Work to complete:
Omit all pictures, then retype the data exactly as given.

══════

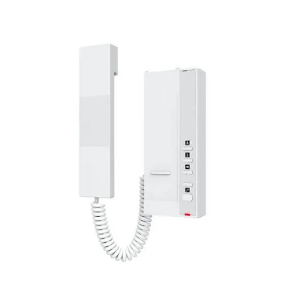 - Elegant white finish with ergonomic magnetic handset design
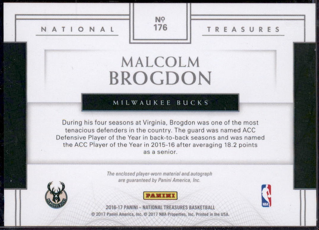 2016 National Treasures Rookie Patch Horizontal #176 Malcolm Brogdon RC Auto /49
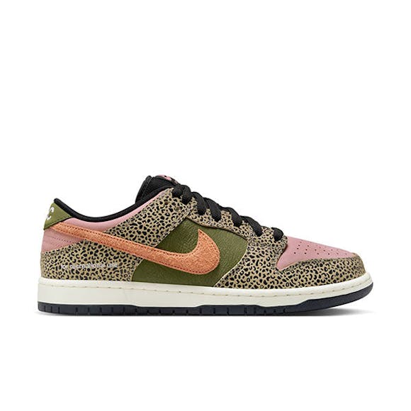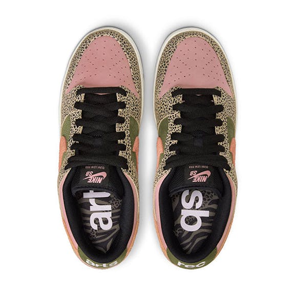 Inspired by the scenery, wildlife and energy of local wildlife institution's 99 acres in Balboa Park, the Nike SB x Arts-Rec Dunk Low Pro reflects the colors of nostalgia through a modern lens with soft hues and animal prints patterning. Rendered in soft, tumbled leather materials in Rust Pink and Rough Green, the Arts-Rec Dunk features a subtle off-black panther print, contrasted by a Sail midsole with a semi-translucent outsole. Completed with hidden homages, custom artwork and animal print sockliners, the Arts-Rec Dunk Low features debossed details and color coordinated laces.
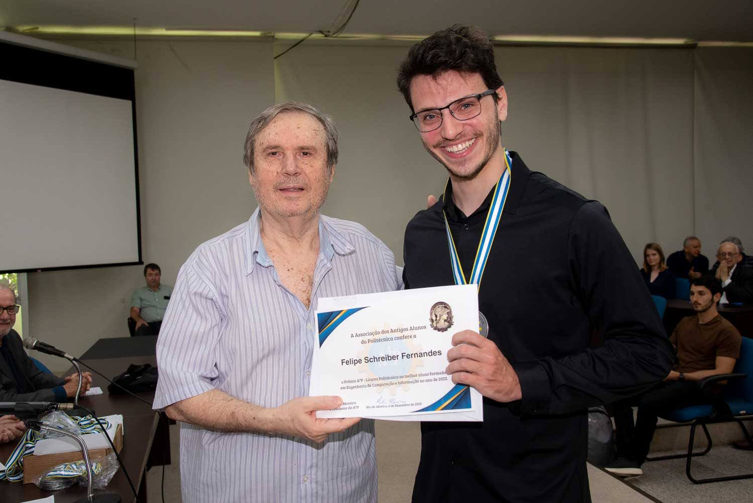 Felipe Schreiber Fernandes foi agraciado com o Prêmio A3P (da Associação dos Antigos Alunos da Politécnica) por apresentar o melhor desempenho no curso Engenharia de Computação e Informação (ECI) no ano de 2022.
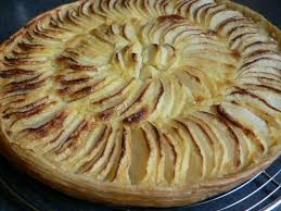 - Sortir le moule du frigo. Y étaler la crème d’amande …………. Recouvrir de lamelles de pommes en les faisant se chevaucher un peu ……
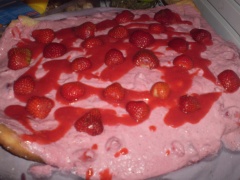 3. Den Boden mit der Creme bestreichen, 75g Erdbeeren pürieren und diese als Verziehrung auf die Torte geben, die restlichen 75g klein schneiden und ebenfalls darauf geben. Das Ganze dann mit Puderzucker bestäuben und dann zwei Stunden in die Kühlung stellen.
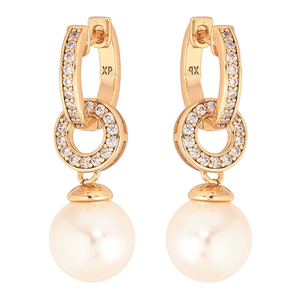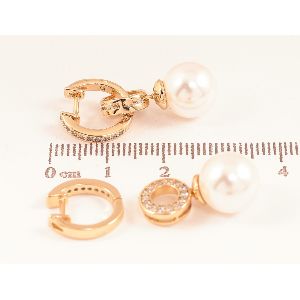 Серьги Xuping цвет Позолота 18К подвески на колечках "Жемчужные подвески" 2 в 1
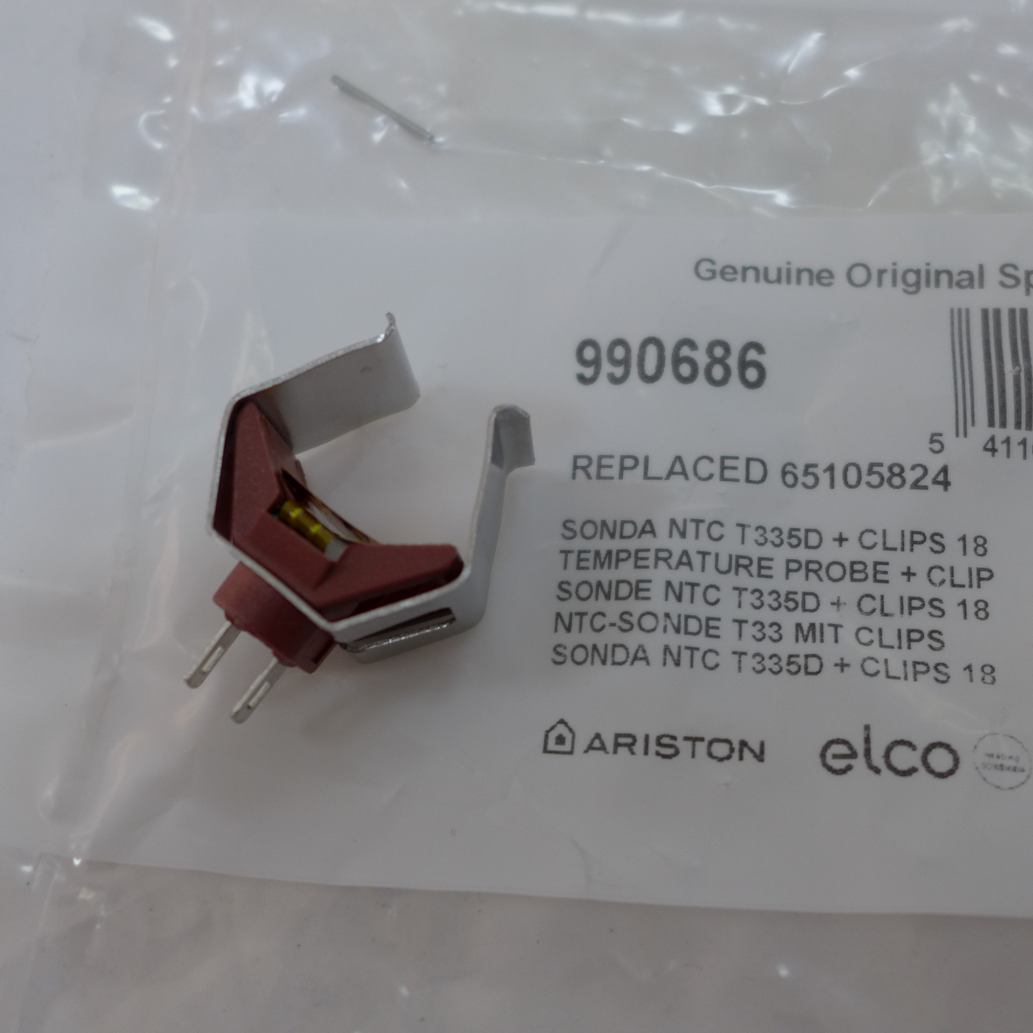Накладной температурный датчик для котлов Ariston UNO 24 MI, BS 24, CLAS (SYSTEM) 15-32, GENUS 24-36, EGIS 24.

══════

Finished exercise:
 - Elegant white finish with ergonomic magnetic handset design
 2016 National Treasures Rookie Patch Horizontal #176 Malcolm Brogdon RC Auto /49
 Inspired by the scenery, wildlife and energy of local wildlife institution's 99 acres in Balboa Park, the Nike SB x Arts-Rec Dunk Low Pro reflects the colors of nostalgia through a modern lens with soft hues and animal prints patterning. Rendered in soft, tumbled leather materials in Rust Pink and Rough Green, the Arts-Rec Dunk features a subtle off-black panther print, contrasted by a Sail midsole with a semi-translucent outsole. Completed with hidden homages, custom artwork and animal print sockliners, the Arts-Rec Dunk Low features debossed details and color coordinated laces.
 Felipe Schreiber Fernandes foi agraciado com o Prêmio A3P (da Associação dos Antigos Alunos da Politécnica) por apresentar o melhor desempenho no curso Engenharia de Computação e Informação (ECI) no ano de 2022.
 - Sortir le moule du frigo. Y étaler la crème d’amande …………. Recouvrir de lamelles de pommes en les faisant se chevaucher un peu ……
 3. Den Boden mit der Creme bestreichen, 75g Erdbeeren pürieren und diese als Verziehrung auf die Torte geben, die restlichen 75g klein schneiden und ebenfalls darauf geben. Das Ganze dann mit Puderzucker bestäuben und dann zwei Stunden in die Kühlung stellen.
 Серьги Xuping цвет Позолота 18К подвески на колечках "Жемчужные подвески" 2 в 1
Накладной температурный датчик для котлов Ariston UNO 24 MI, BS 24, CLAS (SYSTEM) 15-32, GENUS 24-36, EGIS 24.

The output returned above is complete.